In the model learning apparatus of this aspect, the learning portion learns the equation of state expressed by the expression (13) to the expression (15) obtained by discretizing the equation of state expressed by the expression (2) to the expression (4) by the time step at the discrete time k. This configuration limits the numbers of the internal variables x and u and thereby shortens a time period required for learning the model. Accordingly, this configuration learns, in a relatively short time, a model that is capable of establishing a control apparatus configured to determine an input that improves the correlation of an output to a target value, while stably controlling the system.

(7) According to another aspect of the present disclosure, there is provided a control apparatus configured to control a system. This control apparatus comprises the model learning apparatus described in the above aspect (6); and a determination portion configured to determine a target value of the input variable v corresponding to a target value of the output variable y by using the equation of state learnt by the learning portion. The determination portion solves an optimal control problem using the equation of state expressed by the expression (13) to the expression (15) and learnt by the learning portion. In the control apparatus of this aspect, the determination portion uses the equation of state expressed by the expression (13) to the expression (15) and learnt by the learning portion to solve the optimal control problem and thereby determine the target value of the input variable v. By taking advantage of that the equation (15) is a linear model, the optimal control problem using the expression (13) to the expression (15) can be regarded as a convex optimization problem. This configuration allows for determination of just one optimum value of the input variable v input into the system. The control apparatus accordingly improves the correlation of an output from the system to a target value, while stably controlling the system.
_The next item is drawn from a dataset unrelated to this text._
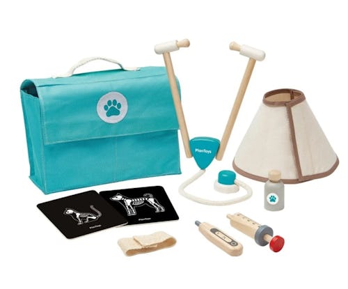 Young kids who love animals can pretend to check them out, bandage them up, and treat their illnesses with this super cute eight-piece toy vet set. It comes with a thermometer, a stethoscope, a little vial of medicine, a syringe, a bandage, a cat x-ray image, a dog x-ray image, a little cone (to keep animals from licking their wounds), and a little doctor bag to carry everything in. The set is absolutely adorable, and each piece is made from high quality wood and/or fabric materials that are easy to wipe clean with a towel and some soapy water.

(8) According to another aspect of the present disclosure, there is provided a model learning method of learning a model that shows a relationship between an input variable v input into a system and an output variable y output from the system. This model learning method comprises a process of obtaining a model used to learn a nonlinear equation of state for predicting the output variable y by using the input variable v; and a process of learning the equation of state by using the model and an input-output data set including multiple sets of input variable data and output variable data with respect to the model. The model is an equation of state including a bijective mapping ψ that uses the input variable v as an input thereof and a bijective mapping ϕ that uses the output variable y as an input thereof. In the model learning method of this aspect, the model obtained by the model obtaining process is the equation of state including the bijective mapping ψ that uses the input variable v input into the system as the input thereof and the bijective mapping ϕ that uses the output variable output from the system as the input thereof. This equation of state is linearized by using the respective mappings ψ and ϕ as internal variables. This configuration thus guarantees that even a control problem using a model having a nonlinear structure gives a unique solution. This allows for determination of just one optimum value of the input variable v input into the system. In the case where this model learning method is applied to a control apparatus configured to control a system, the control apparatus uses the optimum value of the input variable v to improve the correlation of an output from the system to a target value, while stably controlling the system. Accordingly, the model learning method of this configuration learns a model that is capable of establishing a control apparatus configured to determine an input that improves the correlation of an output to a target value, while stably controlling the system.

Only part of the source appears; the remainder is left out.